Peru–Saudi Arabia relations

Diplomatic mission
- Embassy of Peru, Riyadh: Embassy of Saudi Arabia, Lima

= Peru–Saudi Arabia relations =

Peru–Saudi Arabia relations are the bilateral relations between the Republic of Peru and the Kingdom of Saudi Arabia. Both countries are members of the World Trade Organization, the Non-Aligned Movement and the United Nations.

==History==
Diplomatic relations between both countries were established on March 19, 1986. Relations between both countries began to develop starting in 2012. On the same year, a Saudi delegation visited the Summit of South American-Arab Countries held in Lima.

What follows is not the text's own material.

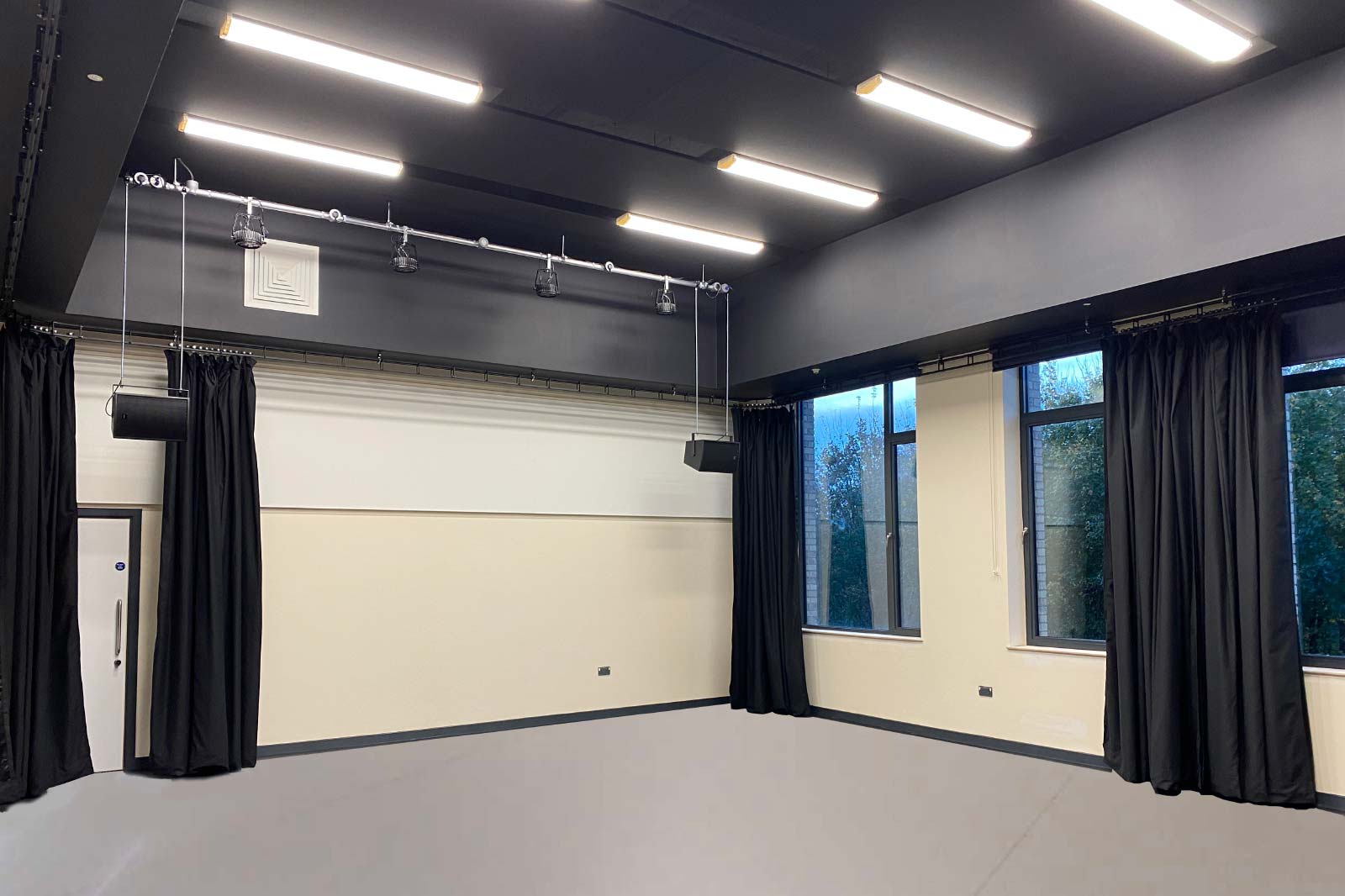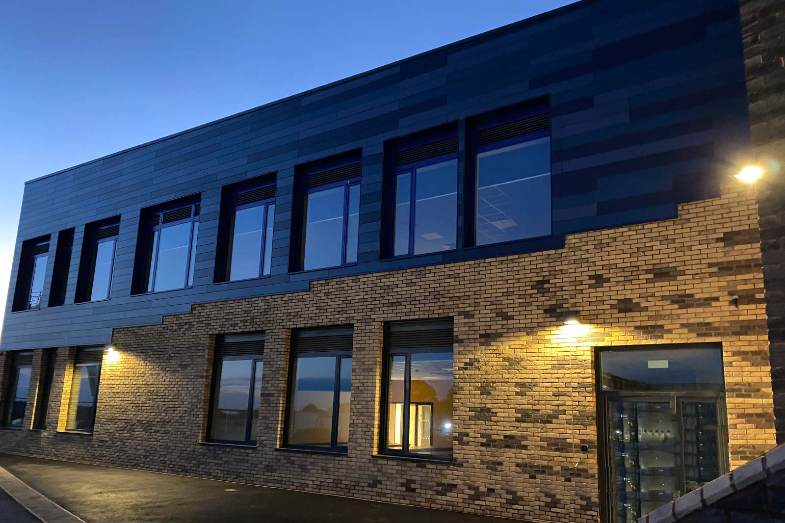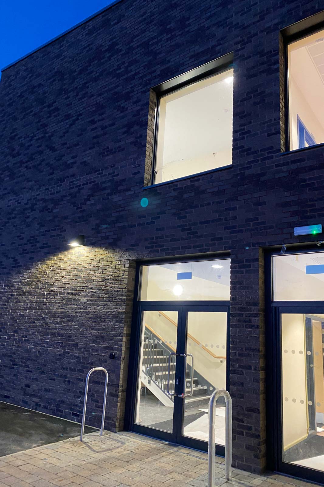The new block consists of a new dining hall with catering kitchen, further classroom space including two new, dedicated Music Classrooms, with facilities for individual group practice and recording, a Drama Space, Career Hub and a flexible 160m2 Examination Space at First Floor Level, which can be divided into 3 classrooms by the use of folding wall divisions.

The Embassy of Peru in Saudi Arabia started operations on June 1, 2012, and the Saudi Embassy in Lima followed suit on June 27, 2013. Before the establishment of these embassies, contacts between both states was carried out through their embassies in the Egyptian capital, Cairo.

==High-level visits==
High-level visits from Peru to Saudi Arabia
- Foreign Minister José Antonio García Belaúnde (2009)

High-level visits from Saudi Arabia to Peru
- Foreign Minister Adel al-Jubeir (2022)

==Trade==
Saudi Arabia is Peru's second commercial partner in the Arab World. As of November 2021, bilateral trade amounted to US$164.78 million.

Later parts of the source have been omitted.